Your task> Look below for the line that contains "5138 nh/ogbl 373", and write out exactly that line and all remaining lines of the listing, omitting pictures.
* * * * *
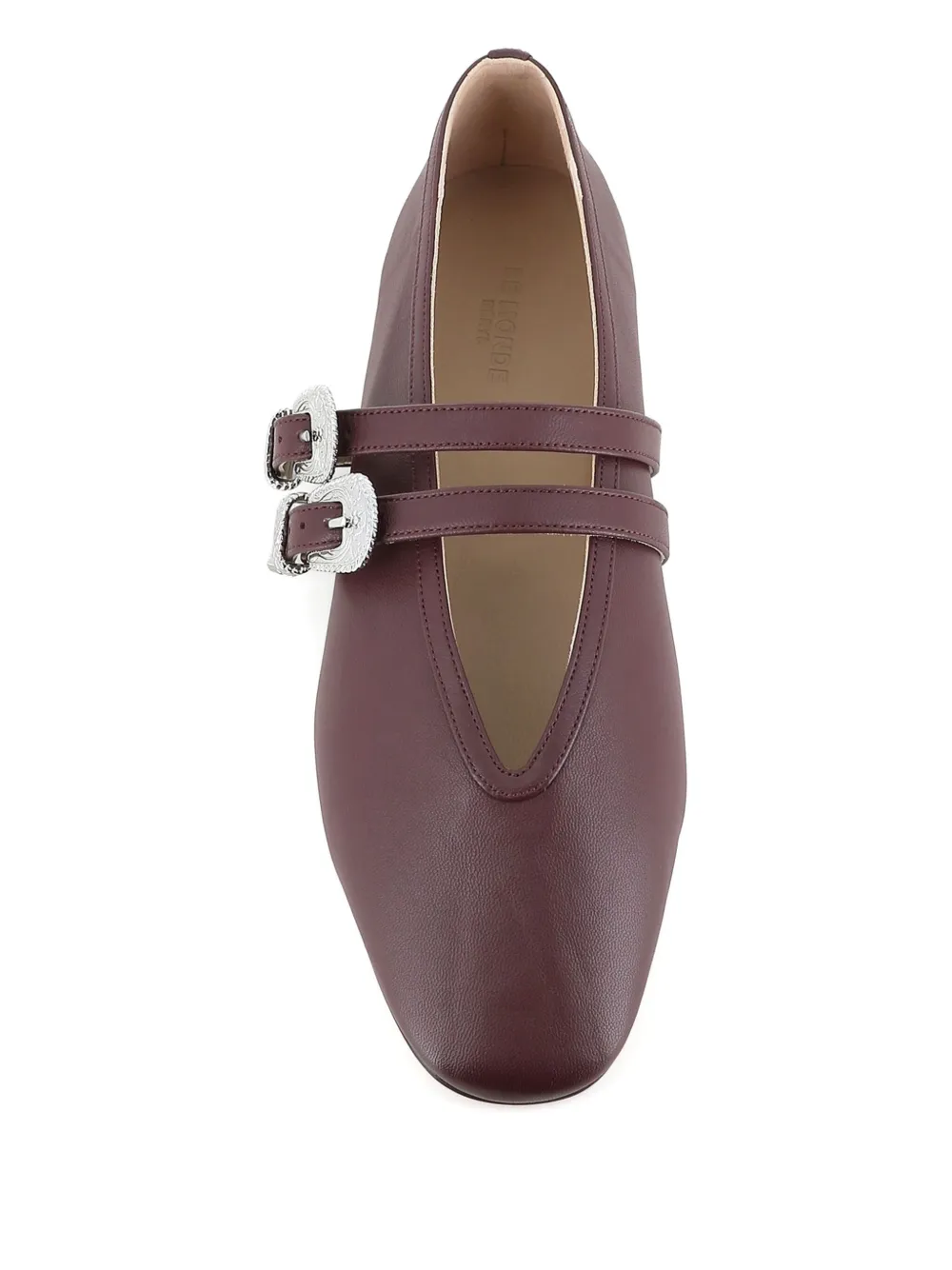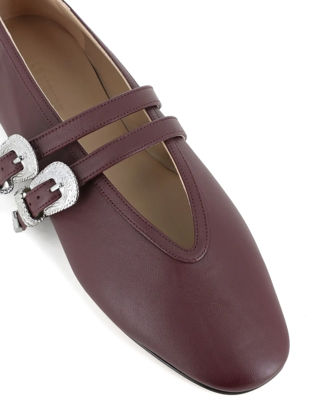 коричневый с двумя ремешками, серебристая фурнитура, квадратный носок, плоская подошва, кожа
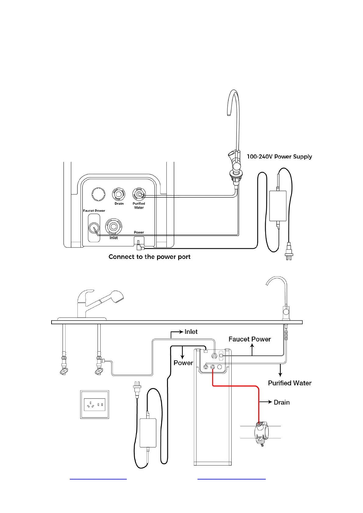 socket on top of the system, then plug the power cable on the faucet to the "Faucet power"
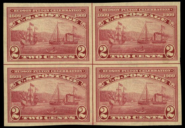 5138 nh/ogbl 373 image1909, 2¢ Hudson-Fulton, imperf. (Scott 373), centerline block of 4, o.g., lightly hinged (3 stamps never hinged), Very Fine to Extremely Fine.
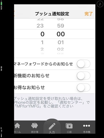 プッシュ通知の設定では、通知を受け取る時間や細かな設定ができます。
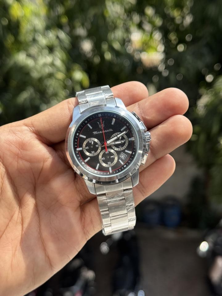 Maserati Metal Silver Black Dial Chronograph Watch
* * * * *
Solution to the exercise>
 5138 nh/ogbl 373 image1909, 2¢ Hudson-Fulton, imperf. (Scott 373), centerline block of 4, o.g., lightly hinged (3 stamps never hinged), Very Fine to Extremely Fine.
 プッシュ通知の設定では、通知を受け取る時間や細かな設定ができます。
 Maserati Metal Silver Black Dial Chronograph Watch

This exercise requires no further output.